Creatine Bad At 15?

This is interesting timing because I’m just writing about children and supplements for the Anabolic Index Nutrition Manual.

Although creatine appears to be good for us, the last two big ticket items that have been have appeared to be good for us have been shown to do harm in excess. In fact, far too many people started consuming EFA’s and antioxidants in ridiculous quantities, only to have subsequent research demonstrate that this practice (in each instance) is harmful.

Will creatine be shown to have negative effects? Increase cancer risk? Cardiac hypertrophy? While no one is thinking about these things at 15, I’ve screwed up enough (in the name of physique enhancement) when I was a teenager to regret it.

How dialed in is one’s training and nutrition at 15? Will creatine really make a difference?

I’m not trying to say that teens shouldn’t use creatine, merely that there’s a lot to consider here.

[quote]David Barr wrote:
Although creatine appears to be good for us, the last two big ticket items that have been have appeared to be good for us have been shown to do harm in excess.
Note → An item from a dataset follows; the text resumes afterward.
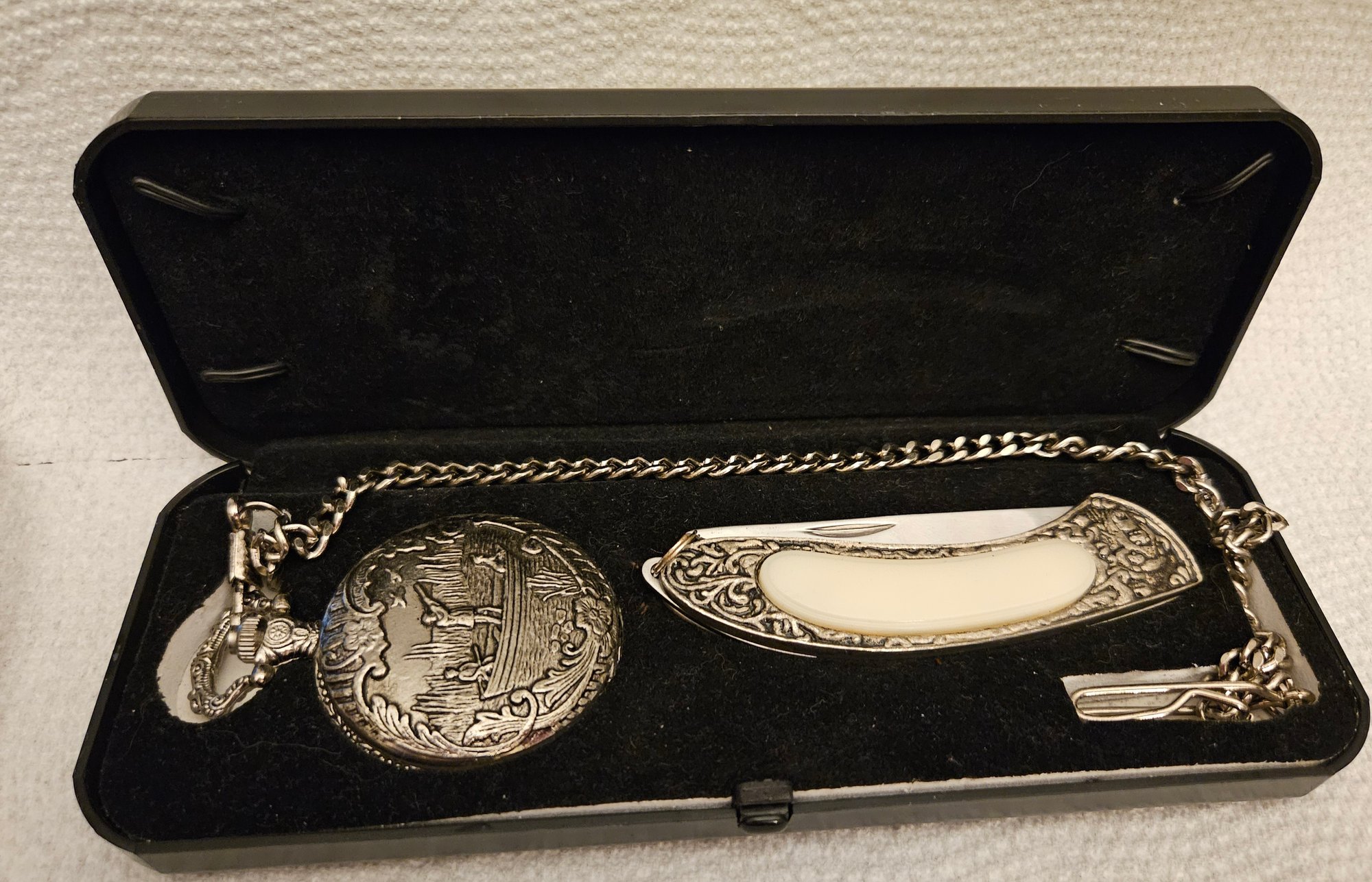 Geneva pocket watch and folding knife set.

In fact, far too many people started consuming EFA’s and antioxidants in ridiculous quantities, only to have subsequent research demonstrate that this practice (in each instance) is harmful. [/quote]

Really? Care to enlighten us on the research that demonstrates EPAs and antioxidants in high dosages are harmful? Now it’s not surprising (or shouldn’t be) that anything in RIDICULOUS quantities COULD be harmful. But what research exactly are you referring to?
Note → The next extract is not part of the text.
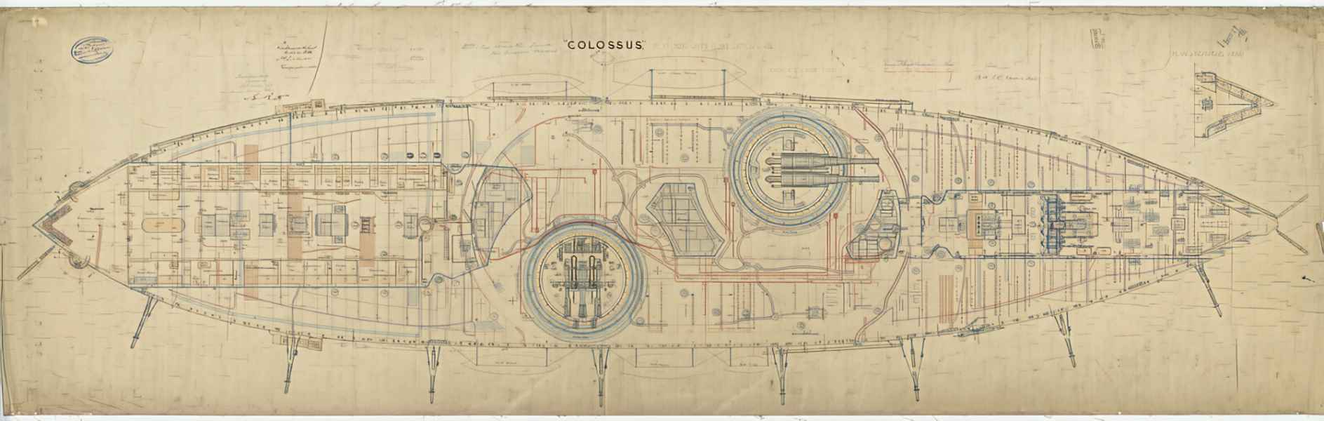 Taki okręt byłby ogromnym skokiem jakościowym pod względem właściwości i prędkości poruszania się w stosunku do poprzednich pancerników sięgających przynajmniej do końca lat 60. XIX wieku. Jednakże w związku z tym, że nie udało się przeforsować w Admiralicji takich warunków brzegowych, do końca czerwca D.N.C. zdecydował, że nowy okręt będzie miał "taką samą długość jak "SULTAN", "ALEXANDRA", "DREADNOUGHT" oraz "INFLEXIBLE" [czyli 320 stóp]; znacznie większą szerokość niż trzy pierwsze, ale mniejszą niż "INFLEXIBLE", znacznie mniejszą moc silników niż każdy z nich, ale zostanie zaprojektowany do osiągnięcia prędkości 14 węzłów, czyli jednego węzła szybciej niż typ "AGAMEMNON". Sporządzenie szczegółów tego projektu zostało opóźnione ze względu na korespondencję z Williamem Armstrongiem dotyczącą montażu nowych długich ładowanych odtylcowo dział zamiast dział z Arsenału w Woolwich w celu uzyskania "50% większej siły penetracji". Proces ten był tak skomplikowany, że Departament Konstrukcyjny ostatecznie przychylił się do kontynuowania prac projektowych, zakładając jednocześnie zaplanowanie możliwości wprowadzenia na pokłady okrętów nowych dział odtylcowych w przyszłości. Budowa kadłuba została przystosowana do użycia dział ładowanych odprzodowo, jak w dotychczasowych konstrukcjach, jednak w porównaniu do marynarek europejskich zaczynało być to już anachronizmem gdyż działa ładowane odtylcowo były stosowane w Europie już od jakiegoś czasu. W tamtych czasach za projektowanie okrętów była odpowiedzialna Rada Admiralicji, jednak za projekty, wykonanie i dostarczanie dział dla okrętów było odpowiedzialne Ministerstwo Wojny. W 1897 r., kiedy typu "COLOSSUS" była w fazie projektowania, 100-tonowe działa ładowane odprzodowo były właśnie testowane w Królewskim Arsenale w Woolwich, natomiast działa 80-tonowe dla typu "INFLEXIBLE" były już prawie gotowe. Admiralicja pod wpływem profesjonalnych opinii oficerów oraz doniesień z innych krajów europejskich zdecydowała się wysłać grupę oficerów i inżynierów do fabryki Krupp'a w Essen. W wyniku ich raportu, Arsenał Woolwich podjął produkcję 12-calowych armat ładowanych odtylcowo, z mechanizmem zamka produkowanym w Elswick, jednakże konkurencja ze strony Williama Armstronga i wynikające z niej dyskusje powodowały dodatkowe opóźnienia.

As far as antioxidants are concerned, what proof or evidence do you have? Some antioxidants have shown to be PRO-oxidants IN VITRO, not in the body. And we know how well in vitro studies hold up. To my knowledge there are no studies showing negative effects of high dose antioxidants in HEALTHY HUMANS. And even one of the test tube stuides on vitamin C that showed above a certain dose it acted as a pro-oxidant, if you know anything about vitamin C, blood levels reach their max at a small dose of only a 100-200mg. So if you were to take a whopping dose of vitamin C at once, your body would break it down into metabolites of C (which is where many of the benefits of vit C come from) and you wouldn’t have any higher blood levels than someone taking a small dose. So even if in vitro studies mattered, it wouldn’t apply here. The vast amjority of vitamin studies show people with the highest intakes of vitamin C live the longest.

Also I hope you are not referring to the most recent Vitamin E study. That study was a meta-analysis study which examined 19 vitamin E studies (BTW< there are over 800 studies on vitamin E and most of it is positive). Most of the 19 studies were using SICK people. If that’s not enough, only ONE of the 19 studies actually supported the researchers conclusion that high dose vitamin E increased your risk of dying. Take that one study out, and the other 18 showed no such thing.

So I hope you have more anti- antioxidant research than the common ones everyone cites above. Because they were severely flawed studies.

As far as EFAs go, I haven’t seen ANY studies that prove high dose EFA are HARMFUL. Not saying it isn’t possible. But I sure haven’t seen significant evidence to support the notion that you state as fact.